Wheeler recall just around the corner

Multnomah County Chair Ted Wheeler may just get his butt run out of office for some of the crazy stunts he's pulling now. Get a load of this:

The county was blessed with higher-than-expected property and business income taxes this year, before the economy slowed. That, plus unspent reserves, is expected to provide $35 million in "one-time" money for 2008-09.

"We’ll take a majority of the one-time money and use it to pay down our debt," Wheeler said. That would reduce the county’s ongoing funding shortfall, he reasoned.

Did he say pay down debt?!! Obviously, he does not belong in government anywhere near Portlandia.

Pay down debt? With all the neighborhoods still served by neither streetcars nor condo towers, and a wonderful convention center languishing without a headquarters hotel? Buildings all over town without eco-roofs? Executives at Hoffman Construction taking home a mere high six figures?

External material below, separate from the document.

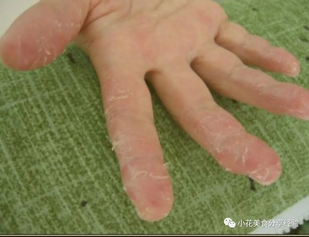 患者先是一只手出现脱皮,进而扩散到双手,双脚,这种情况出现的脱皮是手癣导致的。主要症状有手掌出现红斑、瘙痒。因为手癣有很强的传染性,同时危害健康,因此建议及时治疗防止感染给亲人。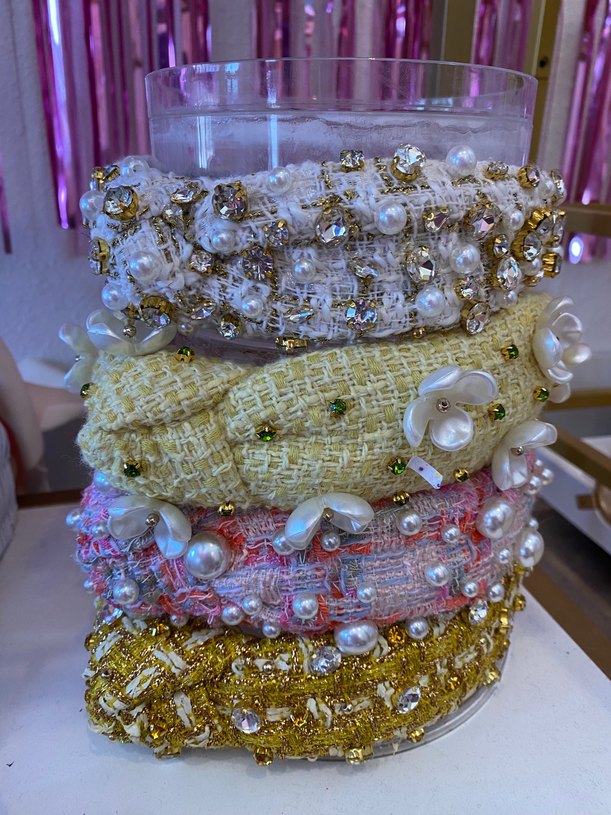 White Tweed Pearl Rhinestone Headband

Pay down debt? What about that new David Douglas school? And for the love of God, Ted, what about the doulas?

Come to your senses, man! Or you'll be back working a real job in the private sector faster than you can say "Measure 50 compression."

Comments (26)

Which begs the question: how does a municipality dependent on property taxes fare in the WORST HOUSING MARKET SINCE 1932?

The NW may be holding up better than California and Nevada, but I would assume our real estate downturn lasts longer than theirs.

What happens when property tax collections drop?

Must have forgotten the "tax and spend" part of his party pledge.

Sellwood Bridge?

Which begs the question: how does a municipality dependent on property taxes fare in the WORST HOUSING MARKET SINCE 1932?

Well, based on my property tax statement, the assessed value is less than 2/3 of the "real market value". The "real" value is going to have to drop by a third before I could challenge the assessed value. I know, it *may* happen, but I doubt it.

"property tax collections"

When has that ever happened? You would have to individaully have each person ask for a re-assessment and they drag their feet on that.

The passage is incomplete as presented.